- Theatrical release poster
- Directed by: Raja Saheb of Mirzapur
- Written by: Story/Script/Songs: Tapi Dharma Rao Sadasivabrahmam (uncredited) Screenplay: Ch Narayana Murthy
- Produced by: Raja Saheb of Mirzapur
- Starring: Akkineni Nageswara Rao Anjali Devi
- Cinematography: D. L. Narayana
- Edited by: R. M. Venu Gopal
- Music by: Ghantasala
- Production company: Sobhanachala Pictures
- Release date: 19 February 1949;
- Running time: 172 minutes
- Country: India
- Language: Telugu

= Keelu Gurram =

Keelu Gurram is a 1949 Indian Telugu-language swashbuckler film produced and directed by Raja Saheb of Mirzapuram under the Sobhanachala Pictures banner. It stars Akkineni Nageswara Rao and Anjali Devi, with music composed by Ghantasala. The film marks the debut of Ghantasala as a composer who would later become a noted composer and playback singer.

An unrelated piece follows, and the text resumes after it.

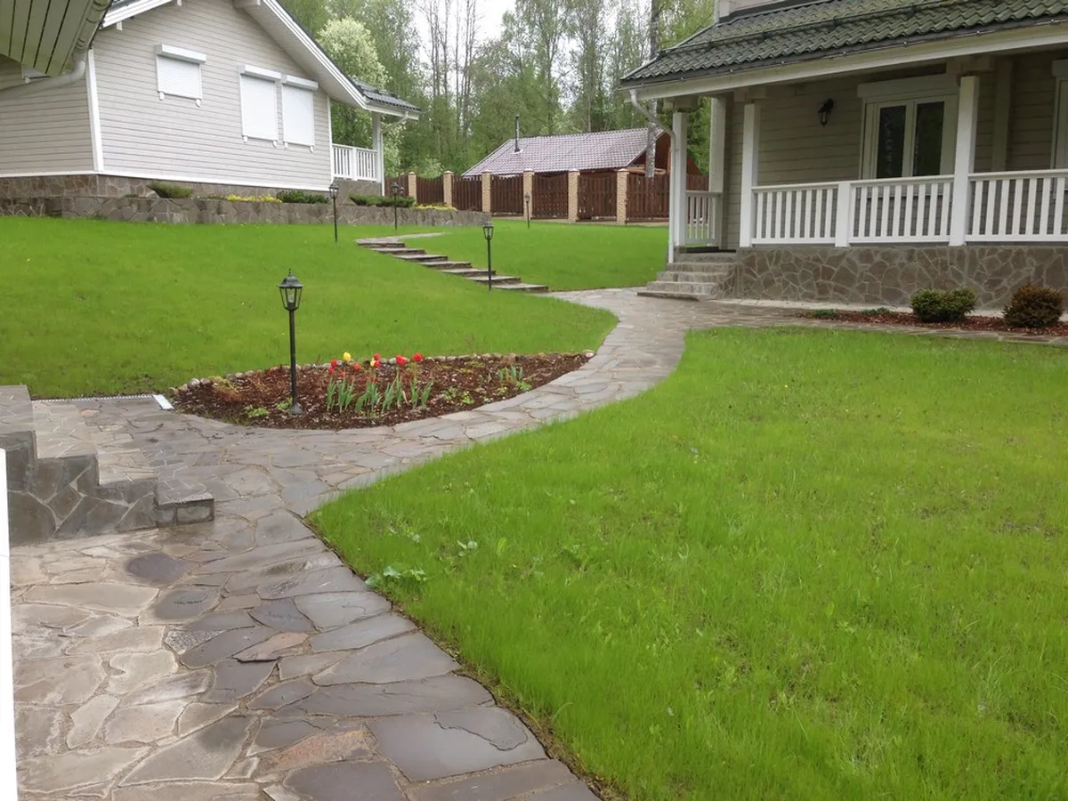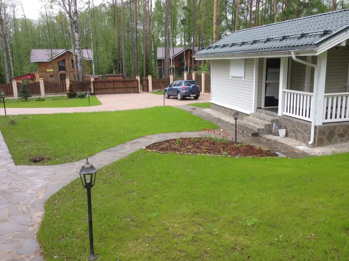 На этом объекте нашей задачей было выполнить полный комплекс ландшафтных работ по благоустройству и правильной геопластике территории. Площадь участка — 20 соток.

Fascinated by the commercial success of folklore films, Raja of Mirzapuram asked his writers to come up with a similar subject. Tapi Dharma Rao assisted by the noted story-teller Sadasivabrahmam (uncredited) wrote the story of the film which is inspired by Kasi Majili Kathalu. Chitrapu Narayanamurthy, who had earlier directed all of Raja's productions wrote the screenplay. Narayanamurthy also ghost directed most of the scenes for the Raja.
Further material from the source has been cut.